SoTL Showcase: Documenting professional competencies gained through multifaith research and engagement

Amy Allocco is researching how the Multifaith Scholars program is helping students achieve success in life after college.

Each spring, the Center for Engaged Learning (CEL), the Center for the Advancement of Teaching and Learning (CATL), and the Center for Research on Global Engagement (CRGE) join together to showcase research projects focused on the Scholarship of Teaching and Learning (SoTL). Follow along this week as we share Elon scholars’ research on innovative teaching practices through a series of Today at Elon articles.

The experiences of college-age Muslims in North Carolina, the shifting religious landscapes in South India, Jewish responses to white nationalist movements, the religious experiences of North Carolina’s African refugees — these are just some of the topics investigated by recent Elon Multifaith Scholars.

The goal of the Multifaith Scholars program is “to produce global citizens poised to address religious diversity in productive and creative ways in their chosen career fields and participate with knowledge and self-awareness in civic contexts.” Each Multifaith Scholar undertakes a closely mentored, two-year research project on a topic around religion and society, and they’re encouraged to complement this research with experiential learning opportunities such as study away and community-based learning in diverse local and global contexts.

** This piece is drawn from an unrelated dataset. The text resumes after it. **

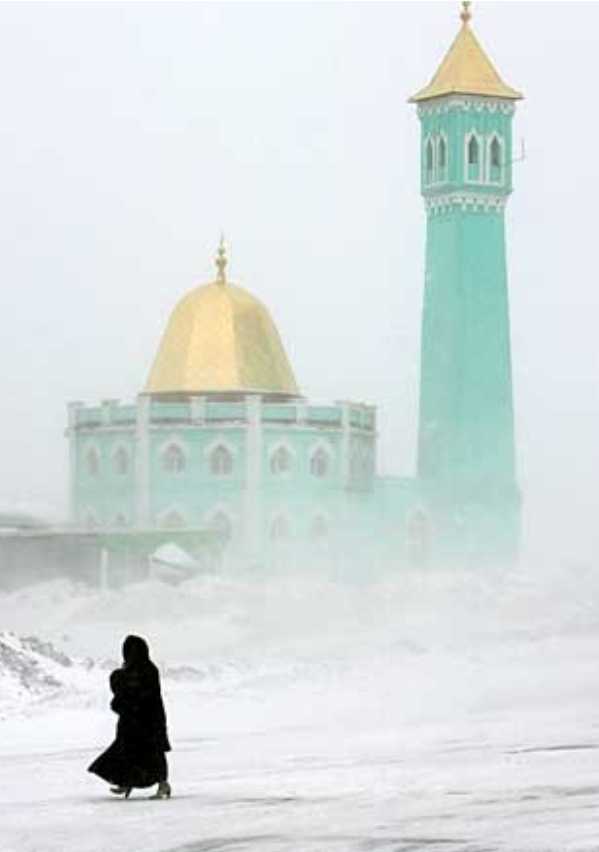 Figée dans la glace entre terre mer et banquise ( selon la saison), les températures sont polaires et malgré le froid glacial, les Inuits (Esquimaux ) ont construit leur première «véritable» Mosquée en 2010 .

Amy AlloccoAssociate Professor of Religious Studies and Director of the Multifaith Scholars program Amy Allocco is working with the Center for Research on Global Engagement (CRGE) to study how this type of mentored undergraduate research in global contexts connects to professional skills and competencies that are vital to students’ careers. The student scholars come from many different majors (not just religious studies), and they’ve gone on to pursue a wide variety of careers and graduate programs.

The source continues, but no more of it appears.